Source data:
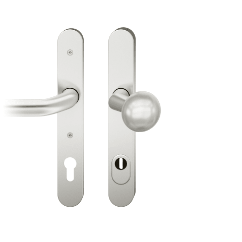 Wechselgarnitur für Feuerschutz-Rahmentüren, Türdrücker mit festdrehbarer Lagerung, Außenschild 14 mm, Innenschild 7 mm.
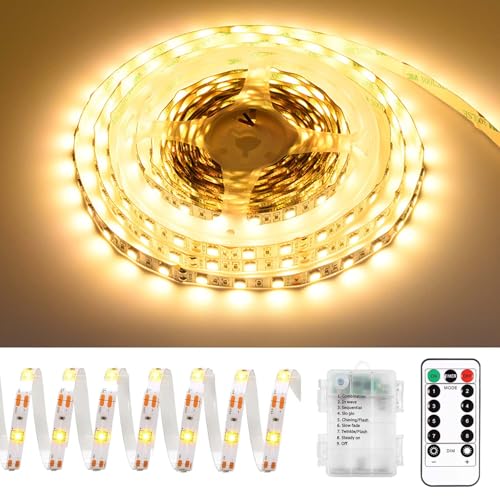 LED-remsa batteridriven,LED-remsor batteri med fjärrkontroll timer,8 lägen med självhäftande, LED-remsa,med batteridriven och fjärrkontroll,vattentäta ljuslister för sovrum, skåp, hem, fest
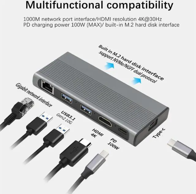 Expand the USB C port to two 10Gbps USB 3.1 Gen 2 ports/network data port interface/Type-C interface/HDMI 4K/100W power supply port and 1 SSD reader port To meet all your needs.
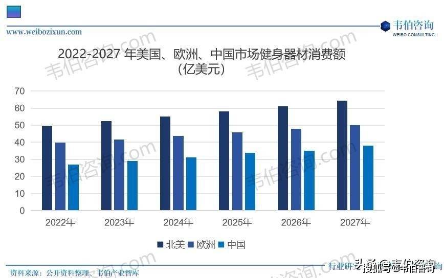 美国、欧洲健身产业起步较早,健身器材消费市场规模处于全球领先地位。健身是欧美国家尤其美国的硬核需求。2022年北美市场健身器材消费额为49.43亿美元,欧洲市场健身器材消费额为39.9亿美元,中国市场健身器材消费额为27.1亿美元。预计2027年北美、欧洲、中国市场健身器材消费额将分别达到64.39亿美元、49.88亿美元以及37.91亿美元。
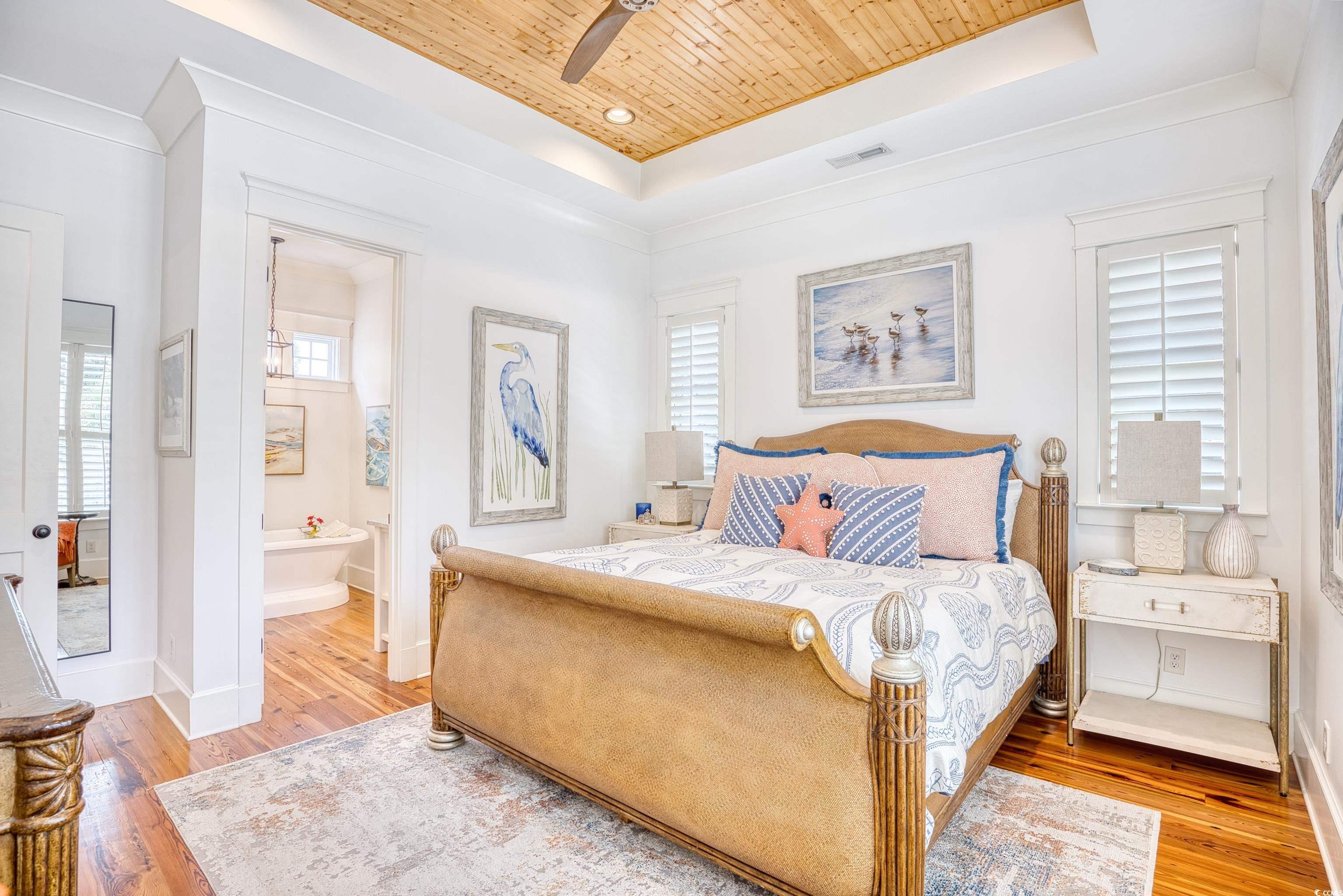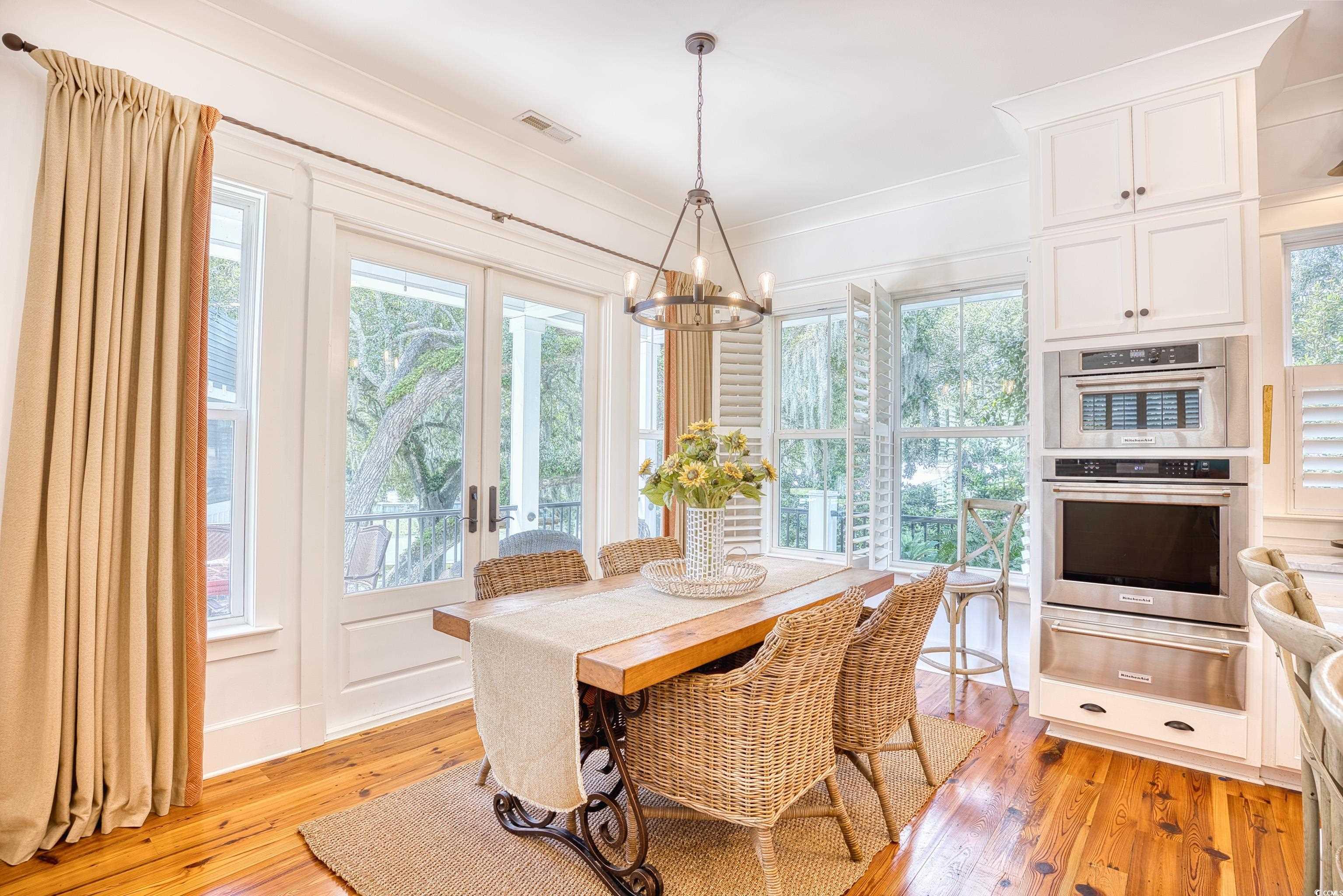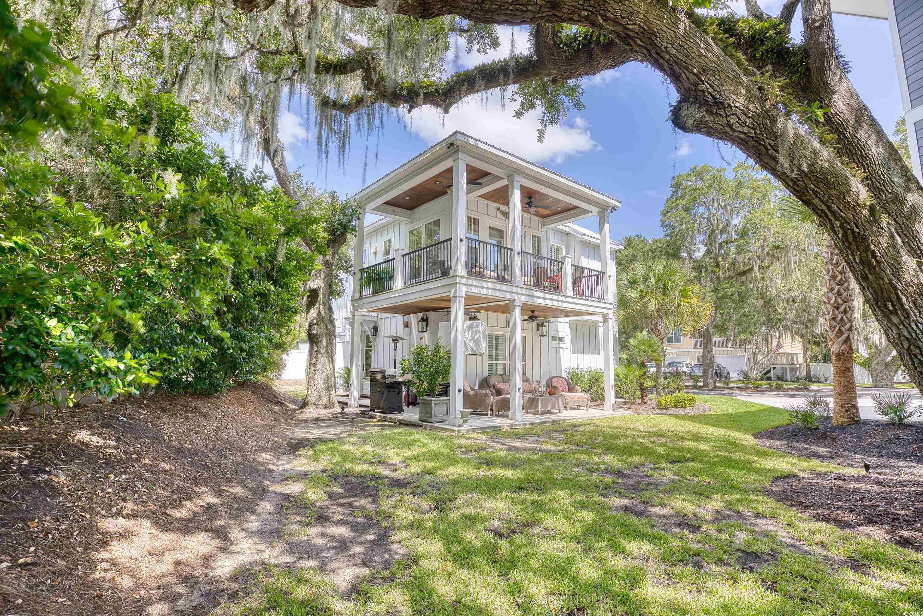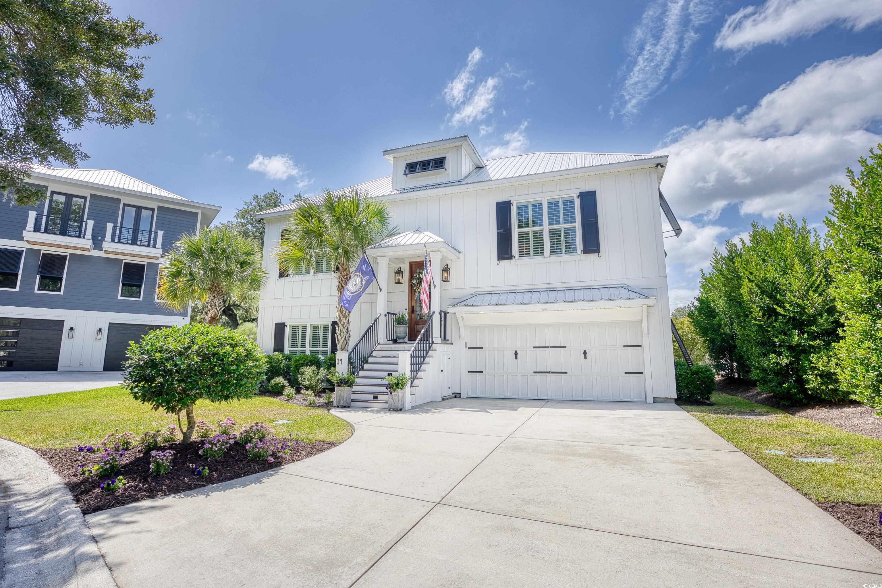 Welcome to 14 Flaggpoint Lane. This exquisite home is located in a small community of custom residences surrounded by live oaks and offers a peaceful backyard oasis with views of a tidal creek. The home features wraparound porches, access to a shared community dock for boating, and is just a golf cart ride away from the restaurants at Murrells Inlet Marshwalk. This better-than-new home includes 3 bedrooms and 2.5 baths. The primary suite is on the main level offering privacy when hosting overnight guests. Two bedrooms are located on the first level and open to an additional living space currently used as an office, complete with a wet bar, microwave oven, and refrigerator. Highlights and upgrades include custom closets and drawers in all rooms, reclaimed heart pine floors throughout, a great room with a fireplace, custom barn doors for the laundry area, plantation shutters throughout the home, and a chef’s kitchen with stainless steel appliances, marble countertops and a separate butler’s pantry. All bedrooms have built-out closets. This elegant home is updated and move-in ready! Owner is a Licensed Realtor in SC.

YOUR ASSIGNMENT: Although the records above contain pictures, the copy should not; retype exactly the lines from the one containing "LED-remsa batteridriven,LED-remsor batteri" through the one containing "美国、欧洲健身产业起步较早,健身器材消费".

ANSWER:
 LED-remsa batteridriven,LED-remsor batteri med fjärrkontroll timer,8 lägen med självhäftande, LED-remsa,med batteridriven och fjärrkontroll,vattentäta ljuslister för sovrum, skåp, hem, fest
 Expand the USB C port to two 10Gbps USB 3.1 Gen 2 ports/network data port interface/Type-C interface/HDMI 4K/100W power supply port and 1 SSD reader port To meet all your needs.
 美国、欧洲健身产业起步较早,健身器材消费市场规模处于全球领先地位。健身是欧美国家尤其美国的硬核需求。2022年北美市场健身器材消费额为49.43亿美元,欧洲市场健身器材消费额为39.9亿美元,中国市场健身器材消费额为27.1亿美元。预计2027年北美、欧洲、中国市场健身器材消费额将分别达到64.39亿美元、49.88亿美元以及37.91亿美元。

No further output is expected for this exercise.